Below is a listing with pictures. Repeat exactly the lines starting at the one holding "und schneiden Sie" and going on through the one holding "Herzliche Einladung zur", and leave every picture out.

[Task inputs]

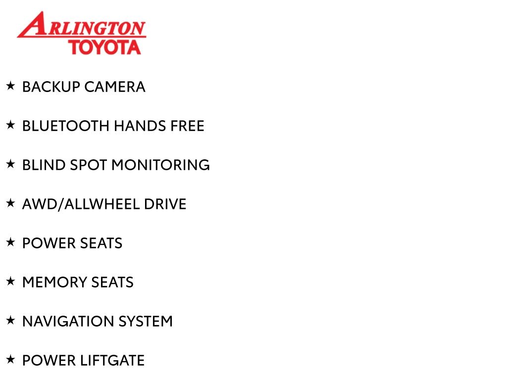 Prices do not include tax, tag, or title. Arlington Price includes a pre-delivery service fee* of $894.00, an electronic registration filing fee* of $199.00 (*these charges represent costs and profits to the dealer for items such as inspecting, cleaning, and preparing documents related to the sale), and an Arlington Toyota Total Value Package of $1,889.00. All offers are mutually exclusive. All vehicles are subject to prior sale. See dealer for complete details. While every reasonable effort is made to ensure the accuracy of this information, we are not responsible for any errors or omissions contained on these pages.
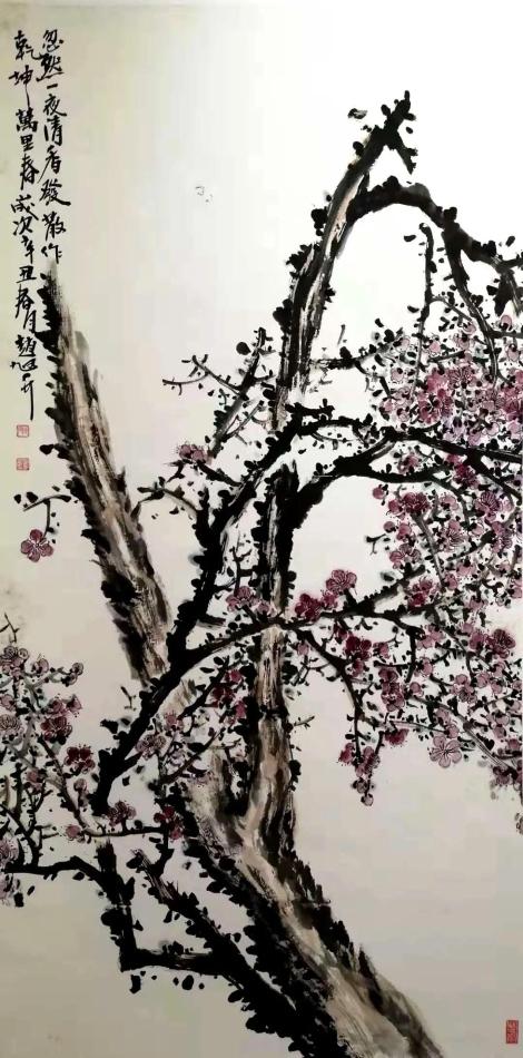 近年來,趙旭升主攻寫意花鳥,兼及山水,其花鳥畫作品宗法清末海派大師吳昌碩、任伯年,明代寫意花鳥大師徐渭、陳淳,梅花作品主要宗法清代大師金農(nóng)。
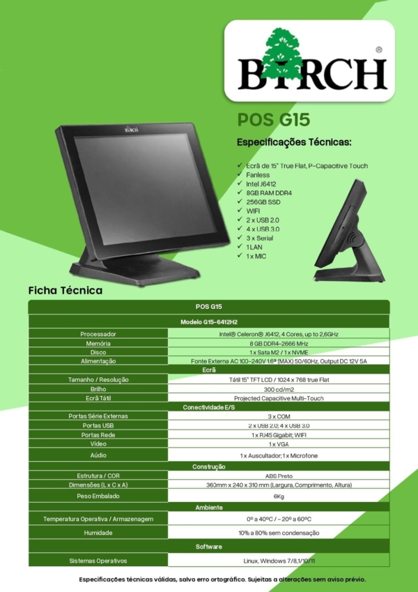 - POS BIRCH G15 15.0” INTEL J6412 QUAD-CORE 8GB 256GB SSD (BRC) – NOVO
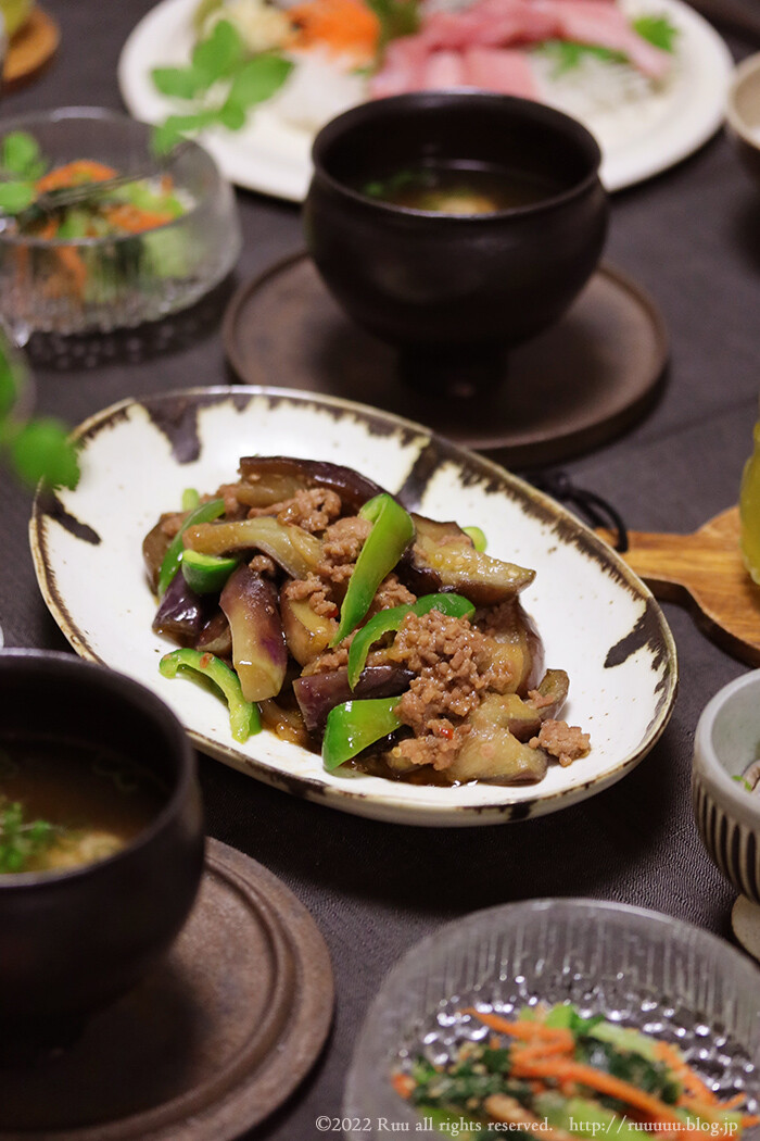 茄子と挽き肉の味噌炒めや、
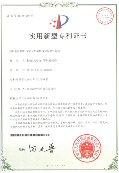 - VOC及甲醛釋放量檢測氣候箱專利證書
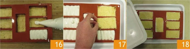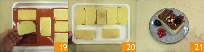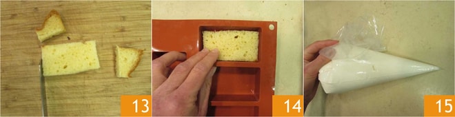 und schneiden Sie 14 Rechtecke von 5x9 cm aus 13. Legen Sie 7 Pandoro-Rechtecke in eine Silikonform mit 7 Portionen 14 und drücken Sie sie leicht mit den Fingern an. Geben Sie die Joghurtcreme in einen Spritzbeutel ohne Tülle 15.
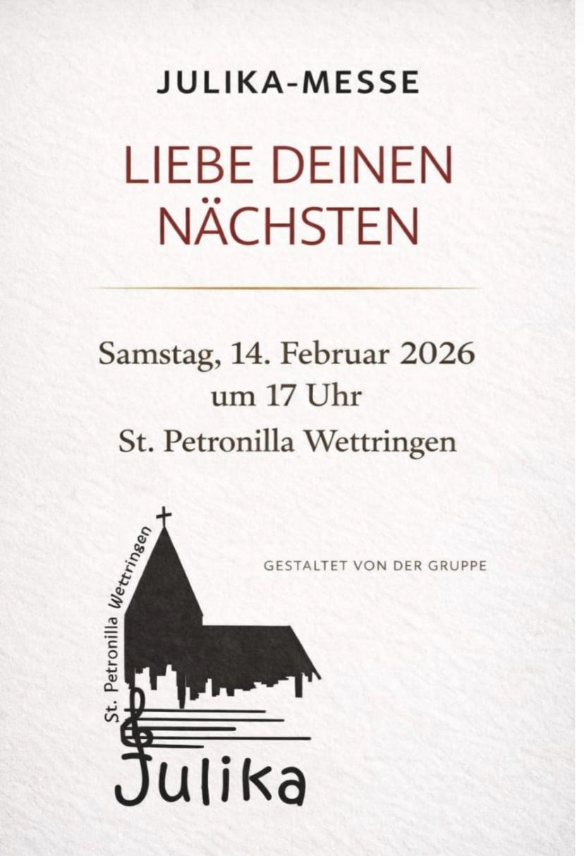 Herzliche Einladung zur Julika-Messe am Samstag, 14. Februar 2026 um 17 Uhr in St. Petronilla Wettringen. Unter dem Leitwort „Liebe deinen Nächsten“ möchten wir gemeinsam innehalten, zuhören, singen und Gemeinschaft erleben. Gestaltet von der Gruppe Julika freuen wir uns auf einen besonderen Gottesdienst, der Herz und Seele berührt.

[/Task inputs]
[Task inputs]

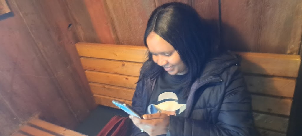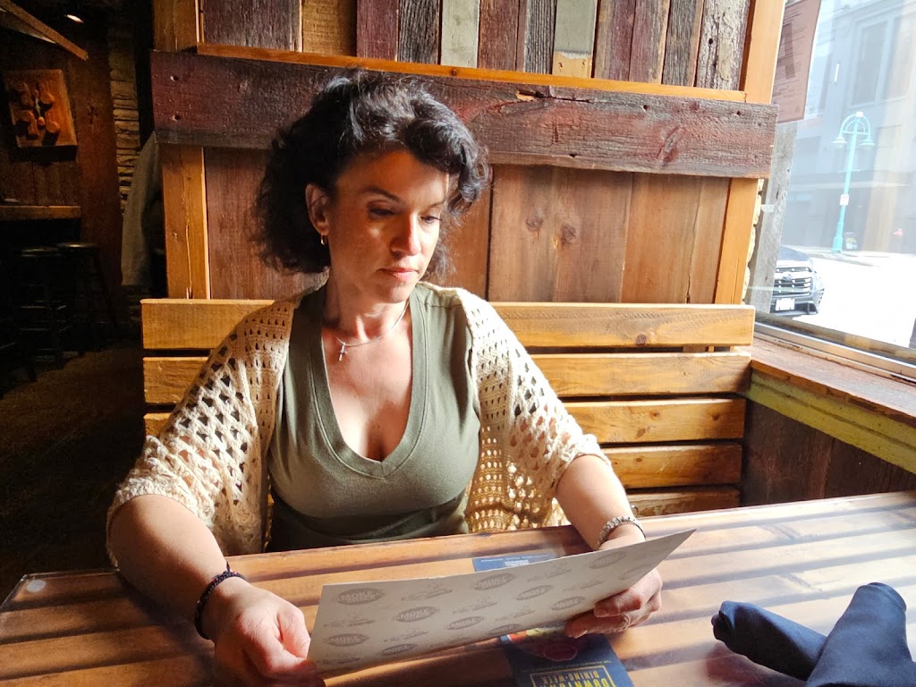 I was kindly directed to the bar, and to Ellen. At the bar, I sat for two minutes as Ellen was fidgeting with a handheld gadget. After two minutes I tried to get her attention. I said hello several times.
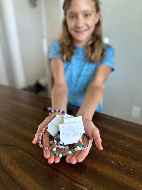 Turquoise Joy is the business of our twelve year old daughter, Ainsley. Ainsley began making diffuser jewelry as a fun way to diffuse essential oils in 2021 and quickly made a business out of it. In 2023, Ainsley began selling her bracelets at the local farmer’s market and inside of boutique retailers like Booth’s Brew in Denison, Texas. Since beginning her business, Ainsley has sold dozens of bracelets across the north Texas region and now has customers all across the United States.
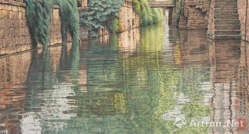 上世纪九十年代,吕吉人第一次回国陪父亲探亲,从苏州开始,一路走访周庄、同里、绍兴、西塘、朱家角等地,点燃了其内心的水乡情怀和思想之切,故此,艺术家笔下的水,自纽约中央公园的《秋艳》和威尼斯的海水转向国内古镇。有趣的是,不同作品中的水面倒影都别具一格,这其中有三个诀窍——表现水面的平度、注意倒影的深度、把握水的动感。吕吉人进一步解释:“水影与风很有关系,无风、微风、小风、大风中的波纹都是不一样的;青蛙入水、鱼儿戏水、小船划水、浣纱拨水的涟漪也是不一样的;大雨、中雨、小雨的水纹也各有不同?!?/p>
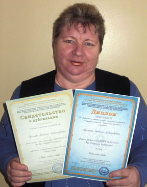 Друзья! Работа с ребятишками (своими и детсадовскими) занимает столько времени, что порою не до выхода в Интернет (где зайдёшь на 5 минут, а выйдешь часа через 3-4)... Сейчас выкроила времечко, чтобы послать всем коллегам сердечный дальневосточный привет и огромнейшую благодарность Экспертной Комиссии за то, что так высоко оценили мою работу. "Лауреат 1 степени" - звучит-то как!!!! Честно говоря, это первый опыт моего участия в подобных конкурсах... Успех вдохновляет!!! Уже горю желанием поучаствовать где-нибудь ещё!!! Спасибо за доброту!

[/Task inputs]

= Written answer =
 und schneiden Sie 14 Rechtecke von 5x9 cm aus 13. Legen Sie 7 Pandoro-Rechtecke in eine Silikonform mit 7 Portionen 14 und drücken Sie sie leicht mit den Fingern an. Geben Sie die Joghurtcreme in einen Spritzbeutel ohne Tülle 15.
 Herzliche Einladung zur Julika-Messe am Samstag, 14. Februar 2026 um 17 Uhr in St. Petronilla Wettringen. Unter dem Leitwort „Liebe deinen Nächsten“ möchten wir gemeinsam innehalten, zuhören, singen und Gemeinschaft erleben. Gestaltet von der Gruppe Julika freuen wir uns auf einen besonderen Gottesdienst, der Herz und Seele berührt.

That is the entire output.